秋になって枯れ葉がまうようになっても、子供達はライオンの公園に来てあそびました。
時にはひざをすりむき泣き出す子もいましたが、
すぐにまた遊び出すのでした。
ライオンは、元気のいい子供が好きでした。
冬になって雪が降りました。公園にもうっすらと雪が積もりました。
子供達は、わあわあいいながら雪合戦をしました。
ある子供はライオンの顔に雪玉をぶつけました。
ライオンは、にこにこしながら見ていました
春になり、夏が来て秋になりました。
いつものように子供があそびにいくとライオンのせなかに穴が開いていました。
だれかがいたずらして、こわしたのでした。
ライオンは、頭を動かすことができないので、少し様子が変だとは思いましたが、自分の体にあながあいていることに気がつきませんでした。

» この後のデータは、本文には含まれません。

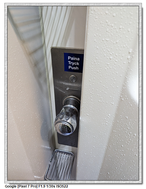 ▼【淋浴水是按壓式,按一次可以出水幾分鐘,熱水不算熱,還可以接受】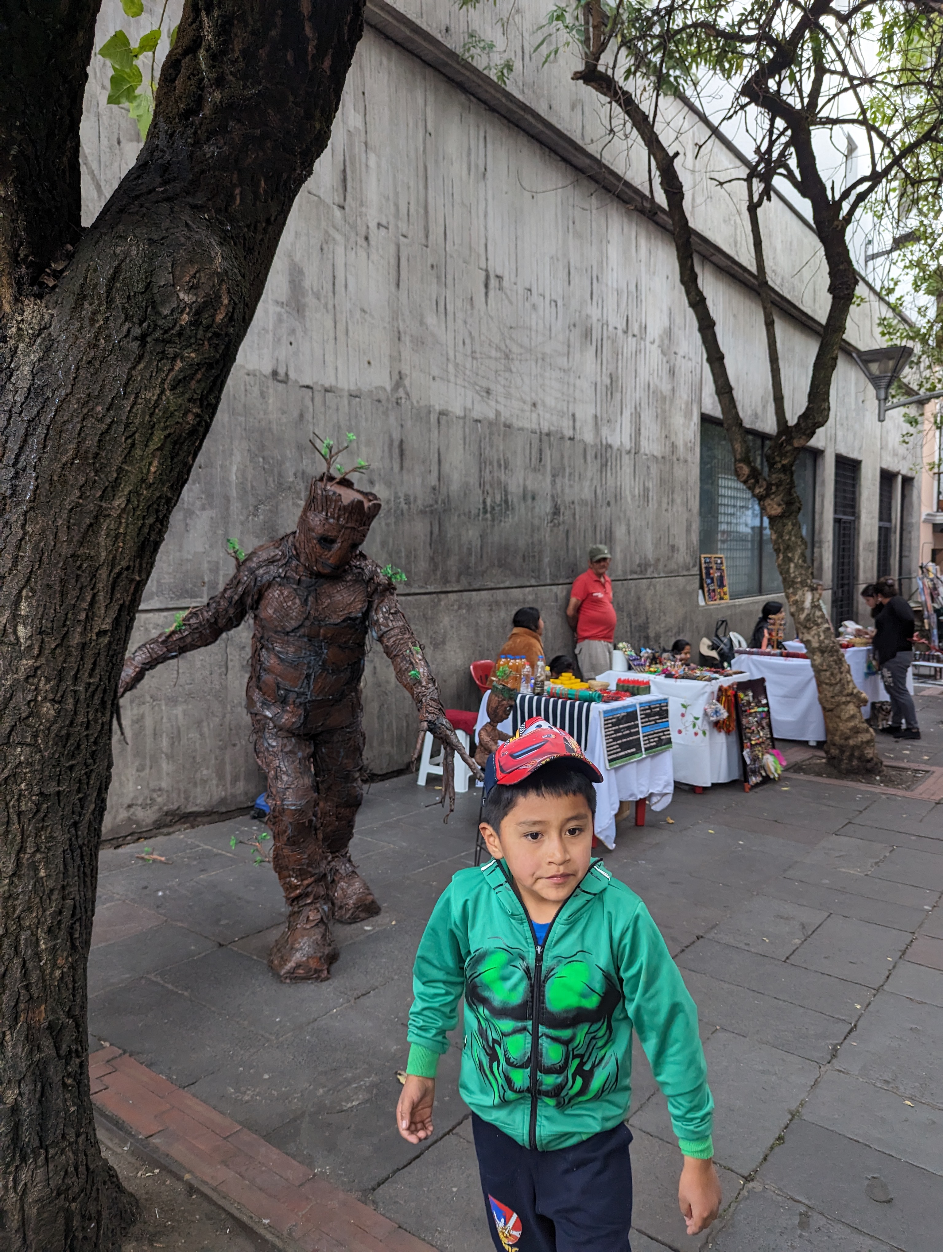 Besides artisans and street vendors, there were some dressed up as characters. Here Groot from Guardians of the Galaxy is having fun with a small child.

ライオンのせなかには、穴が開いていましたが、子供達はいつものように遊びました。やっぱりライオンのせなかにすわって、すべり台を滑り降りました。
それから何年かたちました。
ライオンのせなかの穴は、いつのまにかずいぶんと大きくなりました。
ライオンのまわりで遊んでいた子供達は大きくなり、ライオンの公園にはあそびにこなくなりました。
ある日、ライオンは公園からいなくなりました。
おおきくなった穴で子供達がけがをしてはいけないと、役場の人がライオンをとりはらったのでした。
公園にライオンはいなくなりました。
公園には、だれも遊びに来なくなりました。
公園で遊んでいた子供達は、もっと大きくなり、結婚して子供が生まれました。
ある日、子供と一緒に公園に来ていたおとうさんがいいました。
「ぼくたちが遊んでいたときには、ライオンがいた。また、ライオンを作ろう。」
子供のころライオンと一緒に遊んだ大人達も賛成しました。
みんなは、ライオンを思い出しながら、つくりました。思い出しながらつくったので、いぜんとは、少し違ったライオンになりました。
それでも、ライオンはライオンでした。
ある暖かな春の日、ついにライオンは完成しました。
小さかったころ一緒に遊んだ子供達は大人になり、おとうさんやおかあさんになっていました。
そして、その子供達がライオンのまわりで元気よくあそんでいました。
ライオンは、幸せでした。
(とても絵を描ける状態ではないので、文章だけ載せます。